**About this exercise:** Each entry has to be given again in its exact wording, and no picture may appear in the result.

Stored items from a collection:
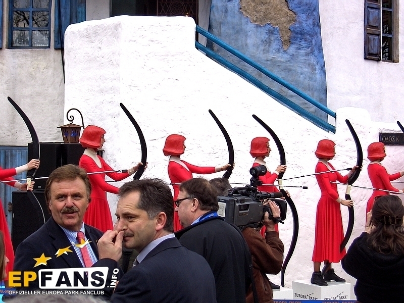 Pressekonferenz 2007Hier die Neuerungen von 2007 die am 29.März der Presse vorgestellt wurden.Abenteuer Atlantis Der Europa-Park hat heute seine neueste Attraktion vorgestellt: Abenteuer Atlantis. Dieser interaktive Darkride führt die Besucher im griechischen Themenbereich in die Welt der Tiefsee-Ungeheuer, vorbei an Haien und Krabben gilt es das Abenteuer zu bestehen. Zusammen mit Expeditionsleiter Professor Carter und seinem Helfer T-01, einer Wasserschildkröte, begeben sich die Expeditionsteilnehmer in einer der 360° drehbaren Gondeln, die mittels Joystick selbst gesteuert werden können. Dann heisst es auch schon Laserharpune anlegen und Punkte sammeln! Insgesamt gibt es 6 Themenwelten: Korallenriff, Schifffriedhof, Vulcano, Tiefsee, die versunkene Stadt Atlantis und die Schatzkammer. Die Kapazität der neuen Anlage beläuft sich auf 1600 bis 1800 Personen pro Stunde und befährt die 120 Meter Schienenlänge mit 0,4 Meter pro Sekunde. Onride Video von Atlantis Science House Seit 6 Jahren gibt es im Europa-Park schon die Science Days. Ab dieser Saison können Schülergruppen nun ganzjährig experimentieren und forschen. Auf 1000 qm laden 80 interaktive Experimente zum Ausprobieren und Entdecken ein. Mykonos Seit 2001 gibt es den griechischen Themenbereich in Rust bereits. In diesem Jahr wurde er aber deutlich erweitert. Die neu entstandene pittoreske Gasse, hinter deren abwechslungsreicher wie landestypischer Fassade sich das Eis-Stadion verbirgt, lässt nun für die Besucher eine Fülle atmosphärischer Eindrücke entstehen. Es entstanden zusätzliche sanitäre Einrichtungen sowie der neue "Atlantis-Shop". Schwarzwälder Vogtshaus Eines der ältesten Fachwerkhäuser des Markgräflerlandes ist der neue Blickfang am Ende der deutschen Allee. Italienischer Themenbereich Neben der Erweiterung der Pizzeria und dem Neubau einer Eisdiele sticht insbesondere die aufwändige Neugestaltung samt Foyer des "Teatro dell Arte" ins Auge. Das Theater bildet somit den stilvollen Rahmen für die neue Show "Emozione". Mercedes Benz Hall Dieses Jahr steht die Ausstellung in der Warteschlange von Silverstar ganz unter dem Motto: Zeitreise durch das automobile Zeitalter. Darunter befindet sich auch das erste Automobil der Welt von 1886 dem Benz Patent-Motorwagen.
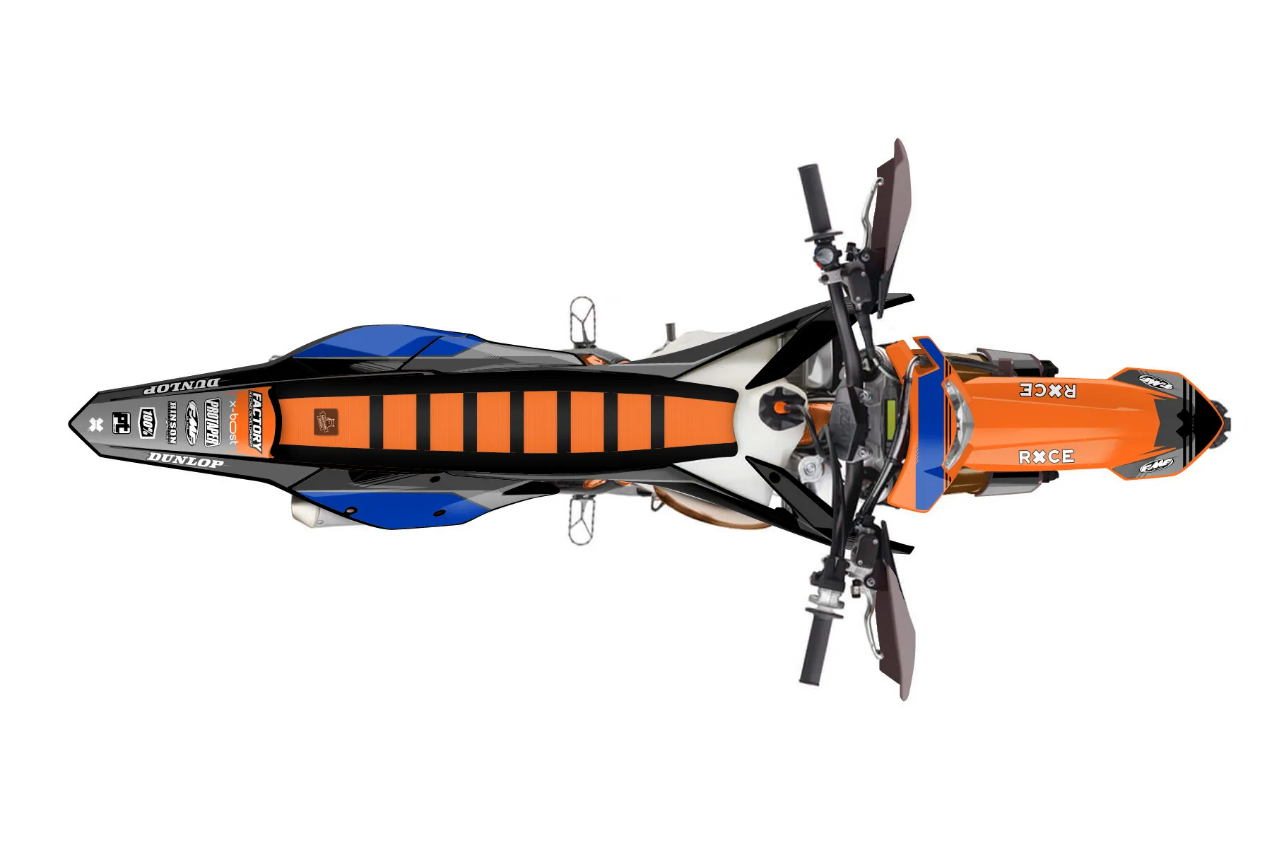 «Ultimate» — готовый комплект графики серии Untucked для KTM Enduro Graphic Kit KTM EXC 150 2017. В комплекте: графика на бак и боковые облицовки, крылья (переднее и заднее), передний щиток, номерные таблички, защита вилки. Материал: ПВХ-винил 80 мкр с холодной ламинацией 300 мкр, общая толщина 380 мкр; покрытие глянцевое или матовое на выбор. Устойчив к UV-излучению, воде, бензину и мойке высокого давления. Клей акриловый на сольвентной основе — постоянный, для гибких пластиков. На простых поверхностях монтируется без нагрева; для сложных изгибов рекомендуем фен. Этот пресет можно заказать как есть или взять за основу в конструкторе: поменять цвета, добавить стартовый номер и свой бренд. Производство — 3–5 рабочих дней, доставка по России СДЭКом или Почтой, по СНГ — курьерскими службами.
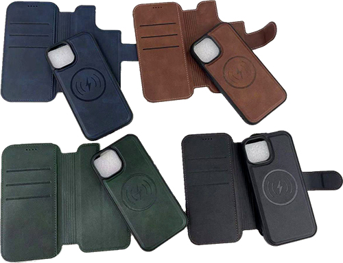 Чехол-книга Iphone 13/14 UNIQUE CASE под кожу 2в1 с MagSafe и отделением для карт, черная
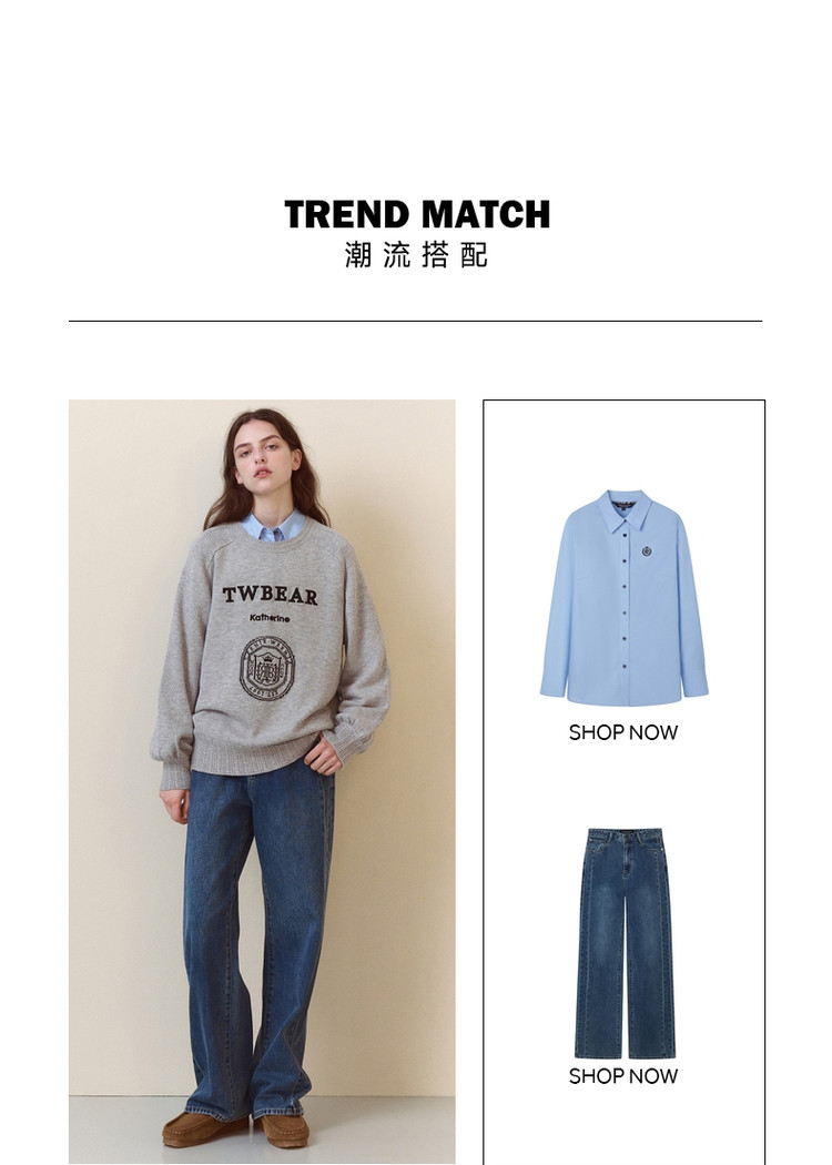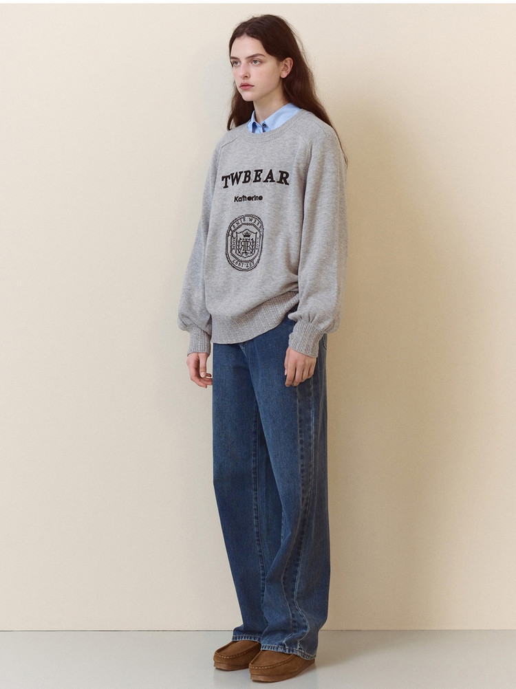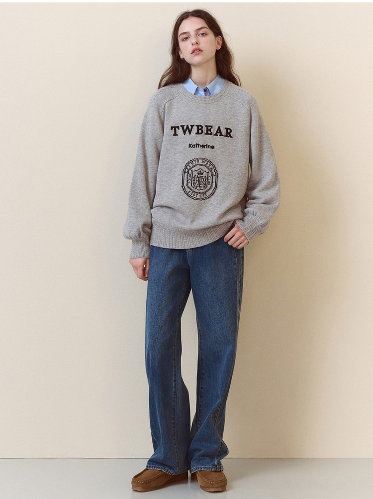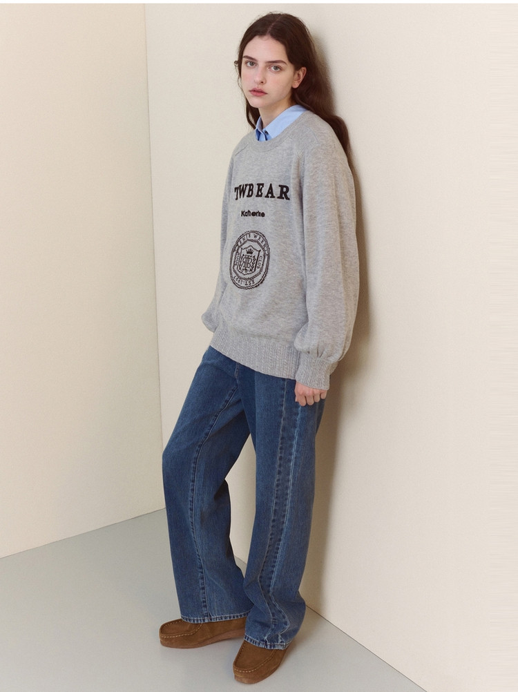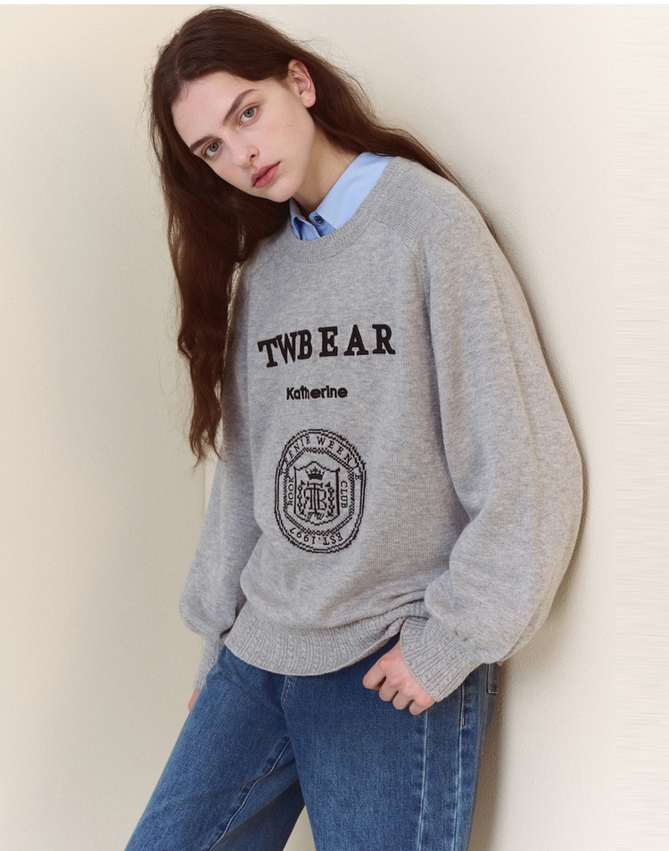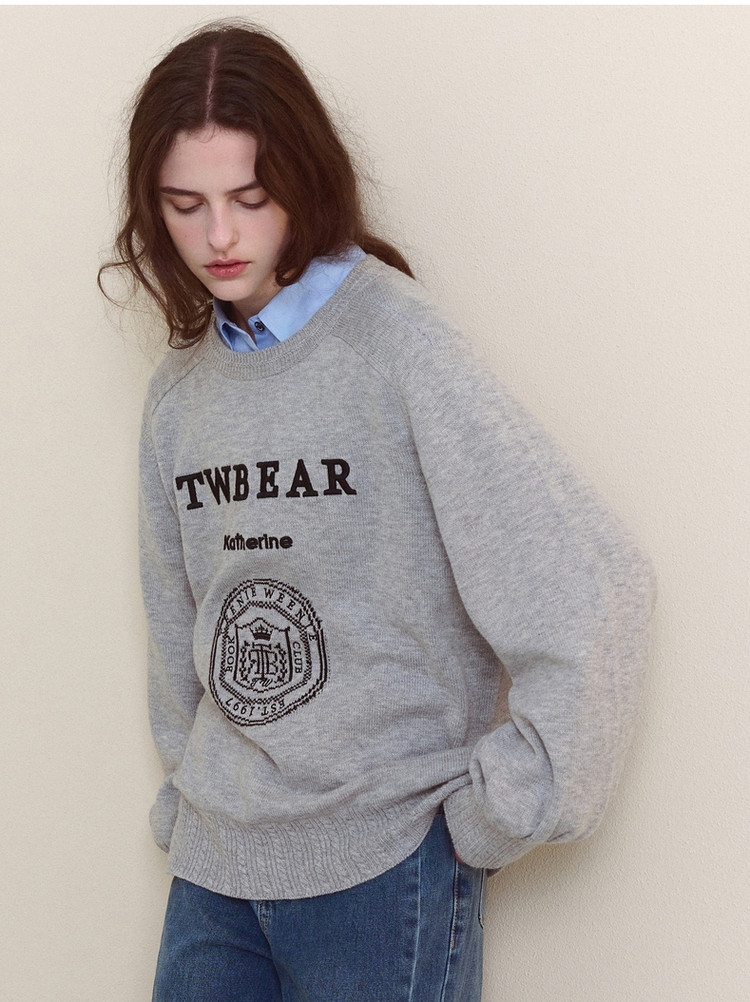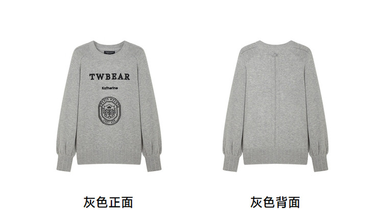 商品名称:小熊春秋款格雷系简约提花圆领套头毛衣韩版上衣女装 376769
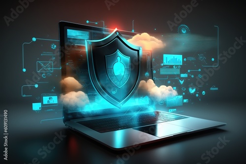 Wall mural cyber security, data protection, cyberattacks concept on blue background. database security software - Wall murals Wall mural cyber security, data protection, cyberattacks concept on blue background. database security software - Wall murals
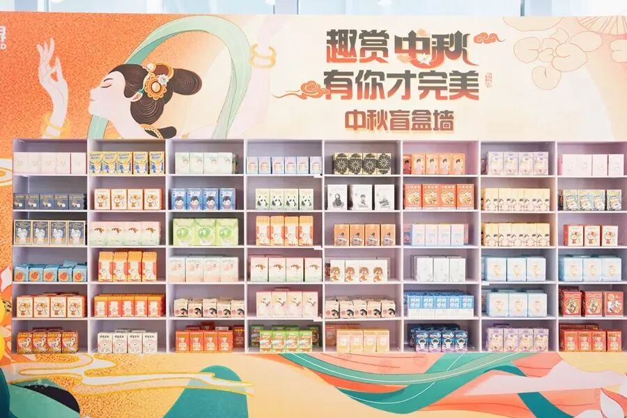 完美2022年中秋用500余份盲盒组成超大型盲盒墙,邀请员工感受解谜与拆盒的双重惊喜!其中每个绚丽的中秋花灯对应一个趣味谜题,解对灯谜即可兑换盲盒。

**Solution for this problem:**
 Pressekonferenz 2007Hier die Neuerungen von 2007 die am 29.März der Presse vorgestellt wurden.Abenteuer Atlantis Der Europa-Park hat heute seine neueste Attraktion vorgestellt: Abenteuer Atlantis. Dieser interaktive Darkride führt die Besucher im griechischen Themenbereich in die Welt der Tiefsee-Ungeheuer, vorbei an Haien und Krabben gilt es das Abenteuer zu bestehen. Zusammen mit Expeditionsleiter Professor Carter und seinem Helfer T-01, einer Wasserschildkröte, begeben sich die Expeditionsteilnehmer in einer der 360° drehbaren Gondeln, die mittels Joystick selbst gesteuert werden können. Dann heisst es auch schon Laserharpune anlegen und Punkte sammeln! Insgesamt gibt es 6 Themenwelten: Korallenriff, Schifffriedhof, Vulcano, Tiefsee, die versunkene Stadt Atlantis und die Schatzkammer. Die Kapazität der neuen Anlage beläuft sich auf 1600 bis 1800 Personen pro Stunde und befährt die 120 Meter Schienenlänge mit 0,4 Meter pro Sekunde. Onride Video von Atlantis Science House Seit 6 Jahren gibt es im Europa-Park schon die Science Days. Ab dieser Saison können Schülergruppen nun ganzjährig experimentieren und forschen. Auf 1000 qm laden 80 interaktive Experimente zum Ausprobieren und Entdecken ein. Mykonos Seit 2001 gibt es den griechischen Themenbereich in Rust bereits. In diesem Jahr wurde er aber deutlich erweitert. Die neu entstandene pittoreske Gasse, hinter deren abwechslungsreicher wie landestypischer Fassade sich das Eis-Stadion verbirgt, lässt nun für die Besucher eine Fülle atmosphärischer Eindrücke entstehen. Es entstanden zusätzliche sanitäre Einrichtungen sowie der neue "Atlantis-Shop". Schwarzwälder Vogtshaus Eines der ältesten Fachwerkhäuser des Markgräflerlandes ist der neue Blickfang am Ende der deutschen Allee. Italienischer Themenbereich Neben der Erweiterung der Pizzeria und dem Neubau einer Eisdiele sticht insbesondere die aufwändige Neugestaltung samt Foyer des "Teatro dell Arte" ins Auge. Das Theater bildet somit den stilvollen Rahmen für die neue Show "Emozione". Mercedes Benz Hall Dieses Jahr steht die Ausstellung in der Warteschlange von Silverstar ganz unter dem Motto: Zeitreise durch das automobile Zeitalter. Darunter befindet sich auch das erste Automobil der Welt von 1886 dem Benz Patent-Motorwagen.
 «Ultimate» — готовый комплект графики серии Untucked для KTM Enduro Graphic Kit KTM EXC 150 2017. В комплекте: графика на бак и боковые облицовки, крылья (переднее и заднее), передний щиток, номерные таблички, защита вилки. Материал: ПВХ-винил 80 мкр с холодной ламинацией 300 мкр, общая толщина 380 мкр; покрытие глянцевое или матовое на выбор. Устойчив к UV-излучению, воде, бензину и мойке высокого давления. Клей акриловый на сольвентной основе — постоянный, для гибких пластиков. На простых поверхностях монтируется без нагрева; для сложных изгибов рекомендуем фен. Этот пресет можно заказать как есть или взять за основу в конструкторе: поменять цвета, добавить стартовый номер и свой бренд. Производство — 3–5 рабочих дней, доставка по России СДЭКом или Почтой, по СНГ — курьерскими службами.
 Чехол-книга Iphone 13/14 UNIQUE CASE под кожу 2в1 с MagSafe и отделением для карт, черная
 商品名称:小熊春秋款格雷系简约提花圆领套头毛衣韩版上衣女装 376769
 Wall mural cyber security, data protection, cyberattacks concept on blue background. database security software - Wall murals Wall mural cyber security, data protection, cyberattacks concept on blue background. database security software - Wall murals
 完美2022年中秋用500余份盲盒组成超大型盲盒墙,邀请员工感受解谜与拆盒的双重惊喜!其中每个绚丽的中秋花灯对应一个趣味谜题,解对灯谜即可兑换盲盒。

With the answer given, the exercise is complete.